2.5

The Equalizer 2

Movies Reviews Denzel Washington
The Equalizer 2

2014’s The Equalizer was a mostly unintentionally ridiculous action/vigilante fantasy about an ex super spy named Robert McCall (Denzel Washington) stripping his neighborhood of crime by murdering the hell out of anyone he deemed to be a bad egg. His superpower was low expectations: Looking like a sullen, stoic, middle-aged schlub, he could execute his enemies before they could formulate a second thought. In McCall’s world, everyone is either a faultless angel who desperately needs saving, or an evil parasite who needs to be eradicated.

This worldview drove our hero toward some morally bankrupt behavior, like bludgeoning a kid to death with a hammer because he robbed the Home Depot he works at, then returning the hammer because “stealing is wrong.” Portrayed as such an untouchable badass, McCall took the action movie trope of the protagonist walking away from an explosion in slow motion and pushed it to its limits, standing two inches from the fire. For those who spout a zero tolerance approach to crime, the movie was inspirational, but for the most of us it could be a dumb, fun time at the movies with Denzel Washington.

The first mistake The Equalizer 2 makes is to chuck out the premise that made the first film at least a tiny bit unique in favor of a languidly paced and tragically predictable spy thriller wherein McCall is tasked with exacting revenge for a slain friend from his old days. We can immediately predict which friend is going to the chopping block, and which one will be revealed as a turncoat, especially considering the actor cast in the role had the exact same responsibilities in another recent action sequel.

Everyone seems bored making this unnecessary follow-up, from director Fuqua to DP Oliver Wood, who underexposes a handful of shots to the point of creating immediately noticeable digital video noise. Washington is in autopilot mode, his meager task to be silent and fake a mildly meek persona until he releases the beast that leaves no bone unbroken and no ligament uncut. Quick and slick fight sequences, emphasizing efficiency rather than showmanship, are few and far between, and the filler we get runs out of steam before it even gets going. The third act does offer a substantial shootout, but because it takes place during a storm, CG filters obfuscate every shot to make sure we can’t tell what the hell is going on.

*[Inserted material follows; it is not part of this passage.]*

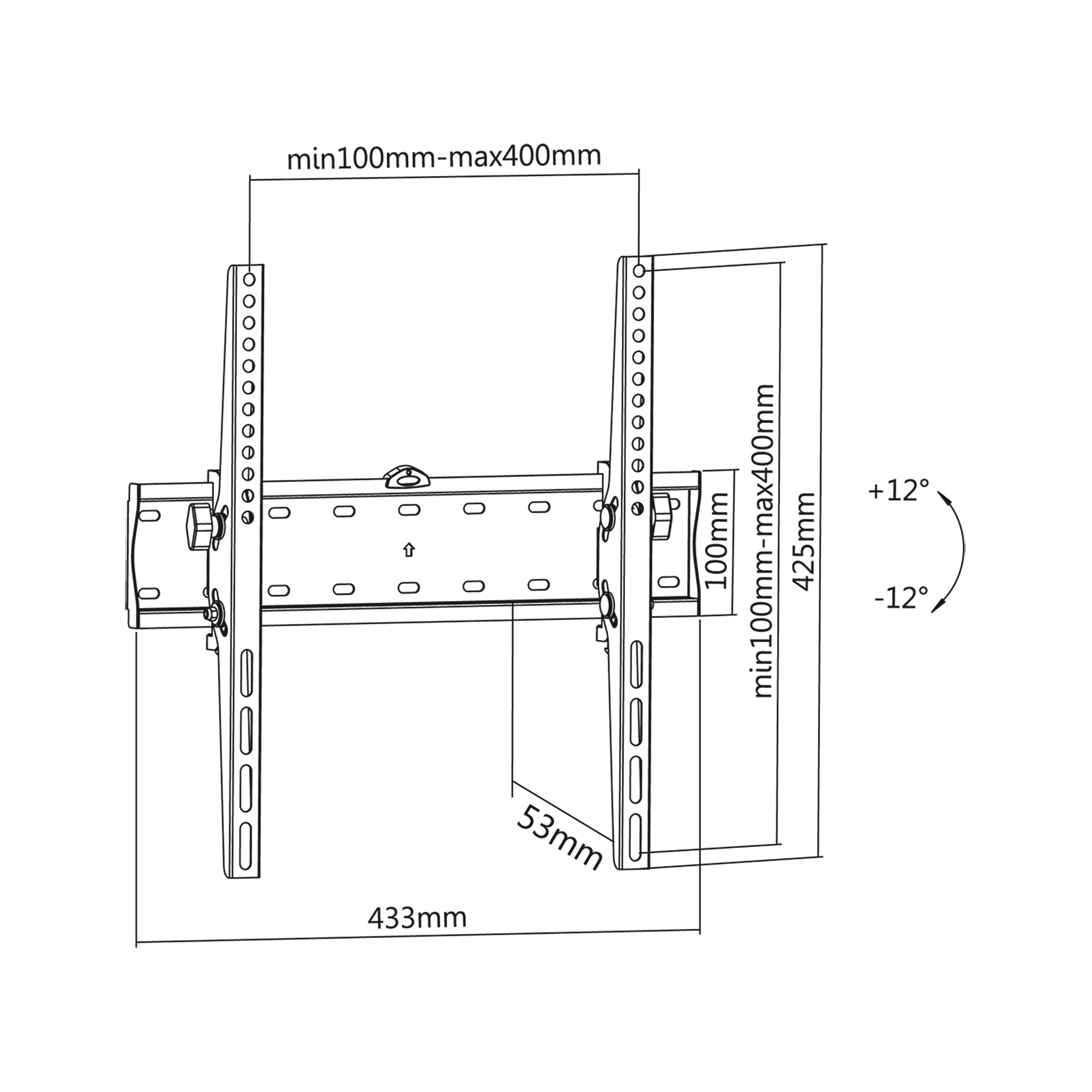 Naudojimas: LCD televizoriai Montavimas: Sienos tipas: Grįžtamas Ekrano dydis: 32 "- 55" Maks. apkrova: 40 kg VESA Standartas: 200x200, 400x200, 300x300, 400x400 Vertikalus reguliavimas: + 12 ° ~ -12 ° atstumas nuo sienos: 53 mm Horizontalus: Stacionarus kabelis Valdymas: Netaikoma išlenktiems skydams: Priešvagių spynA: Nr Medžiaga: Plienas Paviršiaus apdaila: Miltelių spalvos: Juoda Įtraukti į rinkinį: tvirtinimo varžtai Matmenys: 433 x 425 x 53 mm

There’s some neighborhood vigilante stuff peppered here and there as an afterthought, like McCall inspiring a local kid (Ashton Sanders) to keep pursuing his artistic ambitions while staying away from his gangsta friends, yet that doesn’t register beyond “after-school special with added gunplay.” And why does the sub-plot about McCall’s relationship with a Holocaust survivor (Orson Bean) who’s fighting the courts to have his family’s painting returned to him exist at all? Without much forward momentum and narrative reasoning, awkwardly coming to a resolution at the very end of the film, the sub-plot reeks of last second reshoots to artificially pump some personal touch into the project.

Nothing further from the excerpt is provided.